If your students are doing badly, you can admonish them to study harder, but if it keeps happening year after year, there is probably something wrong with the teaching, or the motivation, or the community, or something else beyond the individual. Yes, each student could save his own life, but if so many of them are failing to do so, we obviously need systems fixes, just like with a card reader where the users insert the card the wrong way most of the time. Imagine a task force assigned the job of improving the performance of schools proposing the policy, “ban televisions and video games, and institute corporal punishment and public humiliation for bad grades, and make sure there is no safety net for students who cannot get through school to make sure they have an incentive to do better.” But that is basically what the “health promotion” people propose when tasked with disease prevention regarding drugs, diet, and exercise. They sometimes talk about making healthier communities, but a close look reveals that they are often just demanding that each individual behave differently.

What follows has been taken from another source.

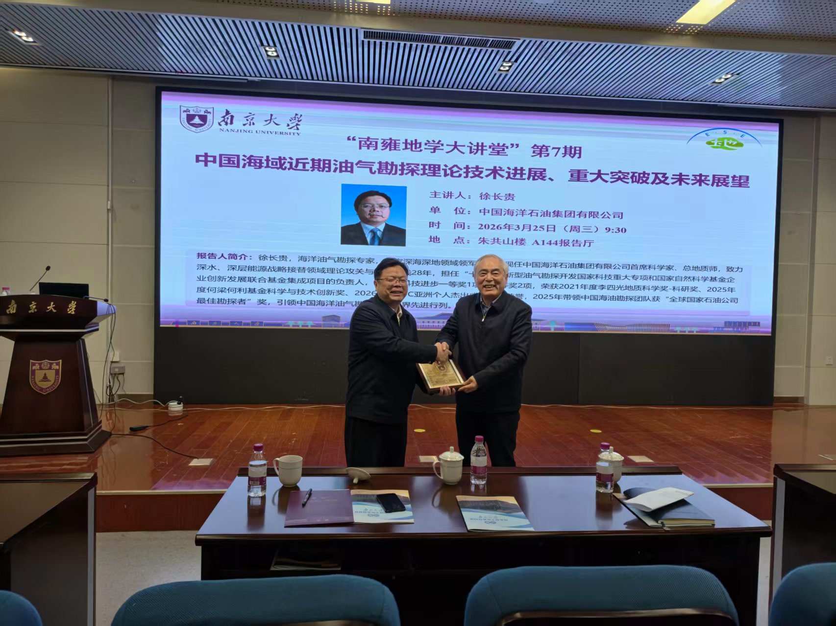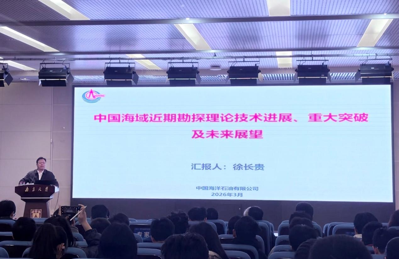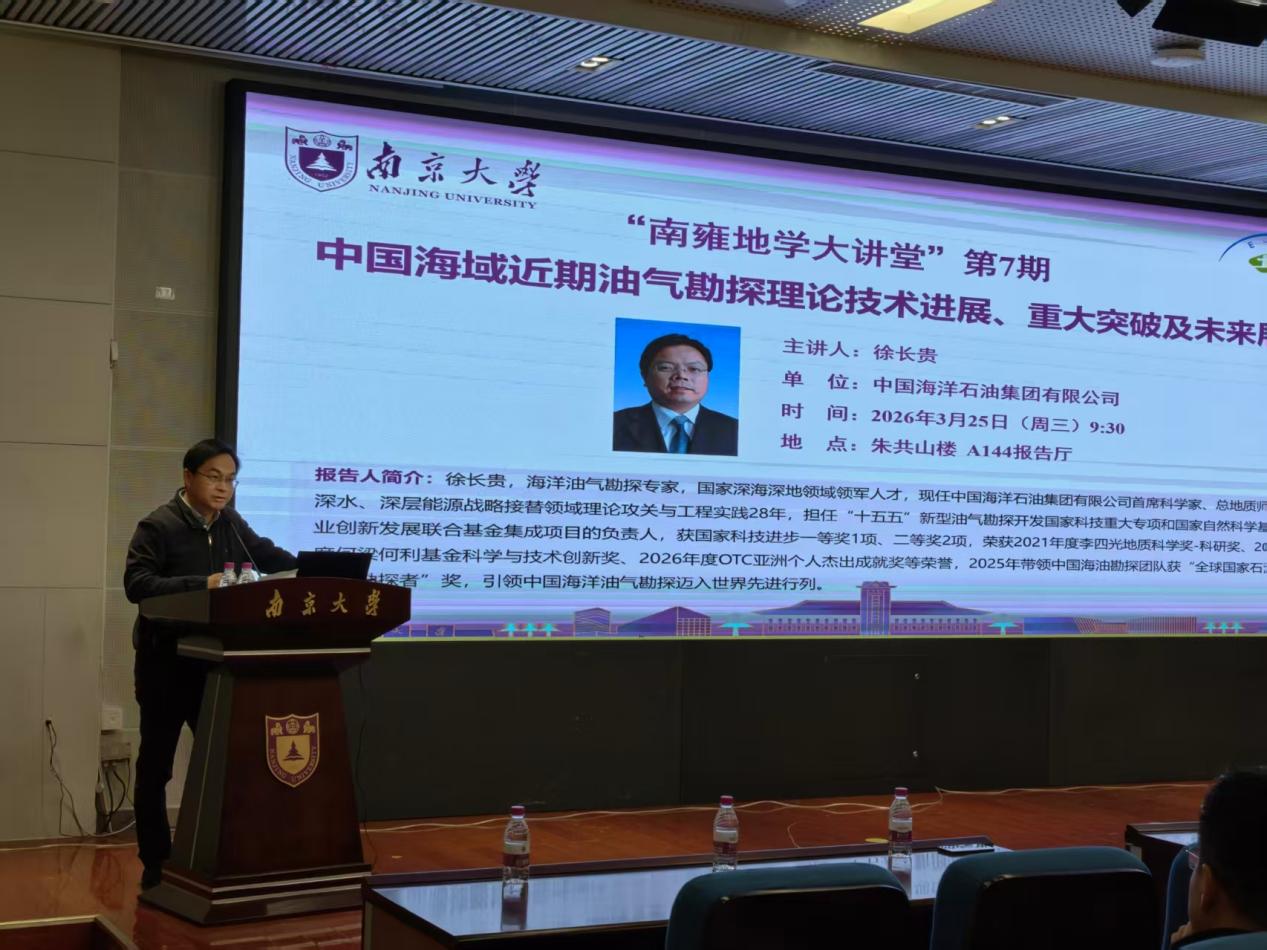2026年3月25日上午,永利304官网唯一“南雍地学大讲堂”第七期学术报告会在朱共山楼成功举行。本期大讲堂特邀中国海洋石油集团公司首席科学家、有限公司总地质师,著名海洋油气勘探专家徐长贵作题为“中国海域近期油气勘探理论技术进展、重大突破及未来展望”的专题报告。报告会由陈天宇院长主持,陈骏院士等专家出席,校内外三百余名师生参加。

When reviewing applications to public health school from the hundreds of indistinguishable Indian applicants trying to get into to American schools (usually with the intention of getting a foot in the door so they can become American physicians), their nearly identical application essays included the phrase “prevention is better than cure” in the opening paragraph. That sounds fine to a public health person, notwithstanding the pathetic repetition, until you notice that it is not always true. Preventing a particular case of a serious disease is almost always better than letting it happen, but that is not how things work. We cannot go back and prevent a particular event. We can only take prevention measures. Some of those are justified and efficient: clean water is definitely better than treating cholera, and the right vaccines and industrial regulations are appropriate and worthwhile.
But in keeping with my observations from yesterday, others represent cases of mistaking a prevention measure for an act of prevention. Just because it would almost certainly be a good thing to prevent a fatal smoking-caused cancer or accident does not mean that everything that might theoretically protect someone is a good policy measure. Preventive measures have broad negative effects and may not save anyone. I doubt that any honest intelligent person really thinks that emotionally violent pictures on cigarette packs are really going to cause many people to not smoke. But there is strong support for it because people mistake a preventive measure that seems like it might do something for a way of preventing a particular outcome. But it does not work that way. Whoever it was in someone’s life who was suffered or died because of a risky behavior is not going to be retroactively helped. Preventing that would have been good, and curing it also, but that is not necessarily true for a prevention measure aimed vaguely in a direction that might have prevented that case. And implementing public policy rules is not a healthy form of therapy.